Mempunyai nilai akademis yang rata-rata, di atas, atau di bawah rata-rata saat
Sekolah Dasar dan mungkin mempunyai nilai akademis yang lebih buruk saat
Sekolah Menengah Pertama dan mulai melakukan perilaku negatif di sekolah.
Hal lain yang perlu diperhatikan adalah individu-individu yang terlibat dalam perilaku bully.

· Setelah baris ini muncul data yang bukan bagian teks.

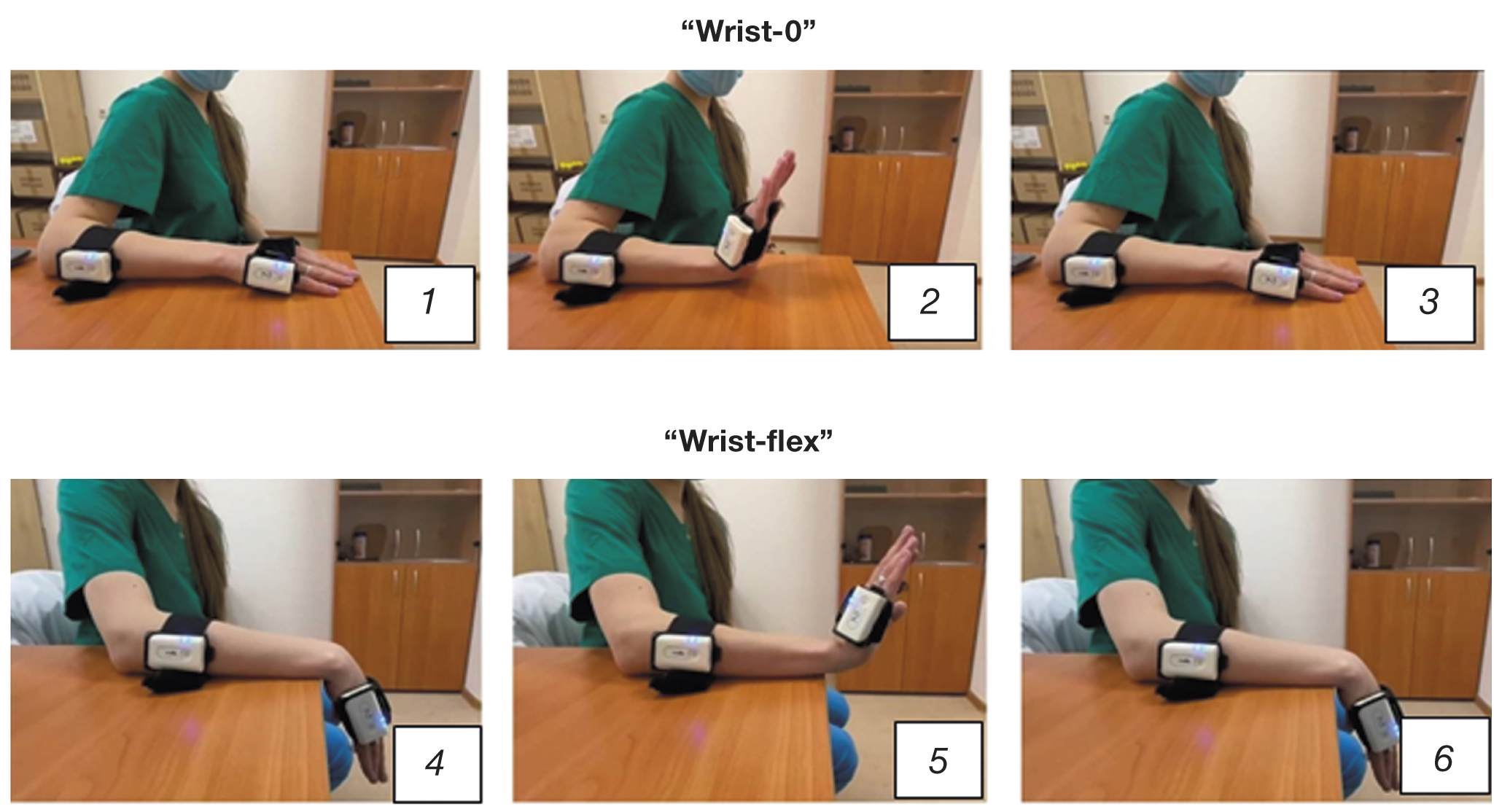 Fig.1. The attachment of the sensors to the upper limb: “Wrist-0” test (1 — positioning of the upper limb before the movement initiation; 2 — positioning with wrist extension; 3 — upper limb position at the end of the motion cycle) and the “Wrist-flex” test (4 — positioning of the upper limb before the movement initiation; 5 — maximal wrist extension position; 6 — positioning of the upper limb at the end of motion cycle).

individu-individu yang terlibat dalam perilaku bully sendiri dapat dibagi menjadi 3, yaitu :
1. Pelaku.
Dalam hal ini, menurut Stephenson dan Smith (dalam Sulivan 2000), yaitu :
1.
Pelaku bully yang percaya diri
Pelaku yang percaya diri mempunyai penampilan fisik yang kuat, menikmati
kekerasan, merasa nyaman dengan lingkungannya serta cukup populer di
antara teman-temannya.
2.
Pelaku bully yang mempunyai kecemasan
Pelaku bully dengan rasa cemas mempunyai nilai akademis yang rendah, sulit
untuk berkonsentrasi, kurang populer di antara teman-temannya serta merasa
kurang nyaman dengan lingkungannya
3.
Pelaku bully sekaligus korban bully
Pelaku sekaligus korban adalah anak yang menjadi pelaku bully di situasi
tertentu dan menjadi korban di lain situasi. Pelaku sekaligus korban adalah
anak yang sama sekali tidak populer di antara teman-temannya.
2. Korban.
Korban dapat dibagi menjadi 3 tipe Stephenson & Smith, dalam Sulivan 2000 ;
Olweus, dalam Sullivan 2000), yaitu :
1.
Korban bully yang pasif
Ciri-cirinya adalah merasa cemas, rendahnya self-esteem dan kepercayaan
diri, lemah secara fisik, dan tidak populer di antara teman-temannya. Korban
yang pasif ini biasanya tidak berbuat apa-apa untuk membela dirinya.
2.
Korban yang provokatif
Ciri-cirinya adalah secara fisik lebih kuat dibandingkan dengan korban bully
yang pasif, selain itu mereka juga lebih aktif dibandingkan dengan korban
bully yang pasif, sulit untuk berkonsentrasi, menyebabkan ketegangan,
kekesalan dan memprovokasi teman-temannya untuk membelanya.
3.
Korban sekaligus pelaku bully
Ciri-cirinya adalah mereka memprovokasi dan menghasut perilaku agresivitas
pada orang lain.
3.Bystander
Bystander adalah orang-orang di sekitar pelaku dan korban yang menyaksikan
tindakan bully tersebut. Bystanders sendiri memberikan respon yang berbeda-beda
ketika menyaksikan tindakan bully (Harris & Petrie, 2003). Ada yang
mengabaikannya, merasa takut, merasa itu adalah sesuatu yang lucu, atau ikut
merasa sedih.
Partisipan dalam penelitian ini berjumlah 100 murid SMA yang berdomisili di Jakarta. Alat ukur
didapat dengan membuat sendiri, berdasarkan 10 kriteria Olweus (2003) mengenai potensi
perilaku bully dan 7 indikator yang dibuat berdasarkan kapan individu akan melakukan konform
berdasarkan Aronson, Wilson, dan Akert (2007) dan Taylor, Peplau dan Sears (2006). Dengan
metode kuisioner, di mana design untuk penelitian ini bersifat kualitatif, maka didapat hasilnya,
yaitu ada hubungan antara kecenderungan konfomitas dengan potensi perilaku bully, dengan arah
positif. Yang berarti, jika salah satu variabel mempunyai nilai yang tinggi, maka variabel lain jga
akan mempunyai nilai yang tinggi. Begitu juga sebaliknya.